No tengo ni idea de qué hacía yo cuando cayó el muro de Berlín; probablemente veía en la tele de mi casa cómo caía, pero no me acuerdo. No tengo el sentido de la oportunidad y siempre se me escapan las mejores: cuando mayo del 68 yo estaba en un cuartel de caballería de León haciendo la mili, también es mala suerte porque parece que todo el mundo pasaba casualmente por París en esos momentos. Me enteré de la voladura de Carrero en un pueblo perdido de Jaén con un pincho de tortilla en la mano, merecido refrigerio después de la jornada laboral. Cuando la muerte del innombrable estaba dormido; suelo contarle a los amigos que llevaba tantas noches sin hacerlo esperando el acontecimiento que me quede roque en el momento clave, yo mismo he llegado a creerlo. Estoy condenado a no participar de la épica de los acontecimientos que el azar ha colocado en mi tiempo y eso me tiene frustrado. El papel de simple figurante es poco lucido, pero el de espectador que no ve porque le pilló distraído o porque le tapaba el cabezón de delante, es patético. Ese es el mío.
No sé si es por esto o por haber estado toqueteando la historia tantos años, el caso es que me he acostumbrado a relativizar las fechas clave y los acontecimientos decisivos. No me los creo. La historia, el acontecer de la vida de los hombres, es un continuo en el que los hitos son más señales que colocamos nosotros para no perdernos, que fisuras reales. Casi siempre son anécdotas en un proceso que es el que tiene importancia. La demostración de que la caída del muro pertenece a esta categoría es que se produjo por un tonto error informativo, como sabemos ahora.

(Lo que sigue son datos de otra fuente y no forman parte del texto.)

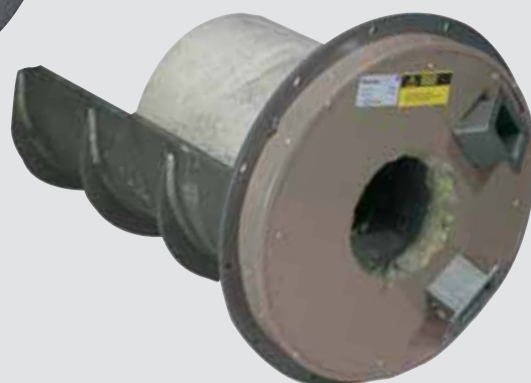
Arimax HakeJet bakifrån

Arimax HakeJet har separata fläktar för primär- och sekundärluft.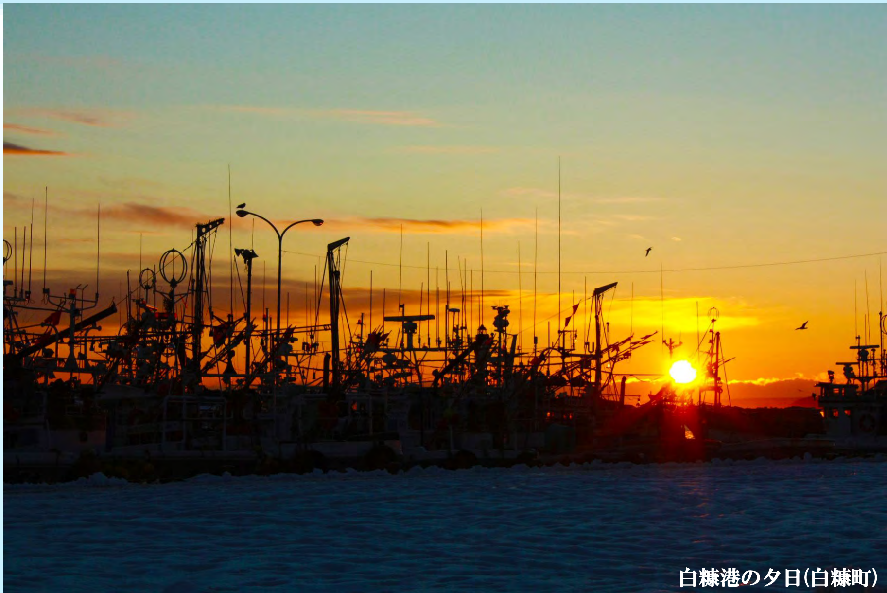
白糠港の夕日(白糠町)

La artrosis del socialismo real venía de lejos. Tres años antes del suceso viajé a Checoeslovaquia de forma poco habitual, porque visitamos más fábricas, cooperativas agrarias y comités locales del partido comunista checo, que monumentos o lugares pintorescos. La impresión que me produjo fue deplorable. El exceso de mano de obra que se veía por todas partes, los ritmos de trabajo y el atraso tecnológico denotaban a las claras una eficiencia y una productividad mínimas y esto era obvio hasta para nosotros que íbamos desde España; los mandos sindicales y políticos estaban a la defensiva y se lamentaban de la nefasta influencia que para la juventud checa suponían las televisiones capitalistas, mostrando paraísos de consumo, que ellos eran incapaces de neutralizar, pese a la censura. Aunque los contemporáneos no previeran el cambio, los historiadores no dudarán a la hora de considerar la caída del muro como una manifestación más del proceso de descomposición del experimento comunista de Europa oriental. La Guerra Fría ya no era guerra, la bipolarización tocaba a su fin, y si en USA hubiese habido otra administración con más visión que la de Reagan el proceso se habría acelerado.
Como anécdota, como símbolo, como metáfora la caída del muro tiene valor; pero conviene no caer en el fetichismo de las fechas o de los eventos, porque acabarán distorsionando la realidad.